Today is the feast day of the Annunciation, the religious holiday that celebrates the day that the angel Gabriel appears to Mary and hails her as the chosen one. She says yes to God's offer to be the mother of the Messiah.
You may be saying, "Wait, this isn't your theology blog." Very true--for a more traditional approach to this feast day, head on over to my theology blog to read this post.
Today, even though it's the first day of Quilt Camp, I'll head down the mountain to do a day of teaching. It makes sense in one way, but it's leaving me exhausted in other ways.
I've done this to myself. I knew that my March and April would be very crowded. All those self-help gurus talk about saying no to invitations, but I find it hard to say no to things I want to do. My March and April are crowded with things that bring me joy and delight.

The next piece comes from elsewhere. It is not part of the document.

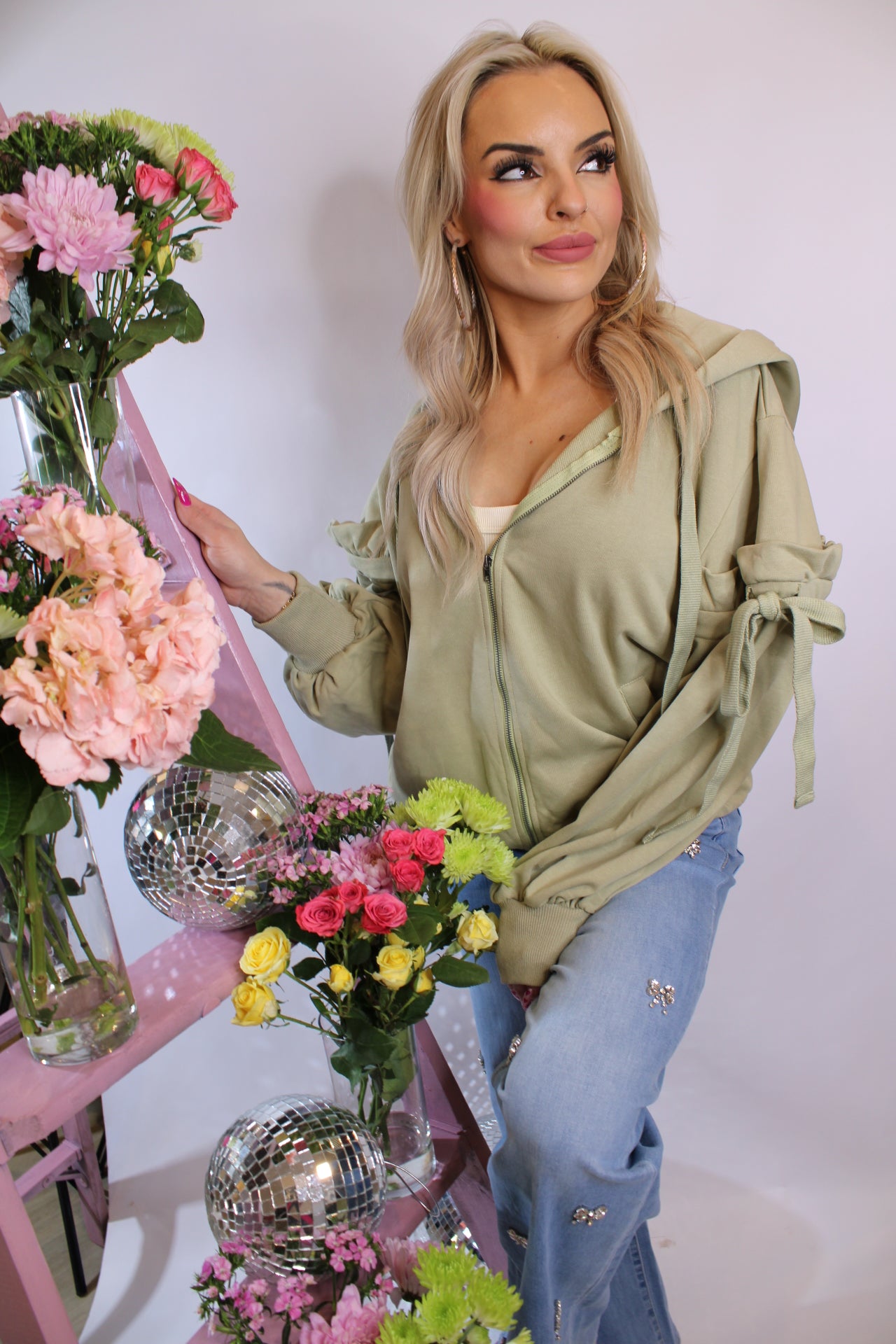 Meet the hoodie that’s anything but basic — our Ruffled Puff Sleeve Zip-Up Hoodie in the prettiest shade of sage.

Last night I spread out fabrics, but just felt a bit overwhelmed. I tried to remember that I always feel this way on the first night of Quilt Camp.
Let me record a few other things, while I'm trying to gather my scattered fragments of attention:
--Now that I've told my Candidacy Committee contacts at the Florida-Bahamas Synod, I can talk about it here: one week ago, I was offered a tenure track position at Spartanburg Methodist College, and I accepted. I am still floating on air. I am happy beyond belief at this promotion.
--This morning, I have a Zoom session with those contacts. I continue to hope that I can find a way to be bi-vocational. This particular tenure track job could make it easier to do just that. The Church needs more people who can work part-time.
--I keep wanting to create a poem out of these strands: Annunciation, teaching job promotion, Quilt Camp. O.K., subconscious brain, get weaving!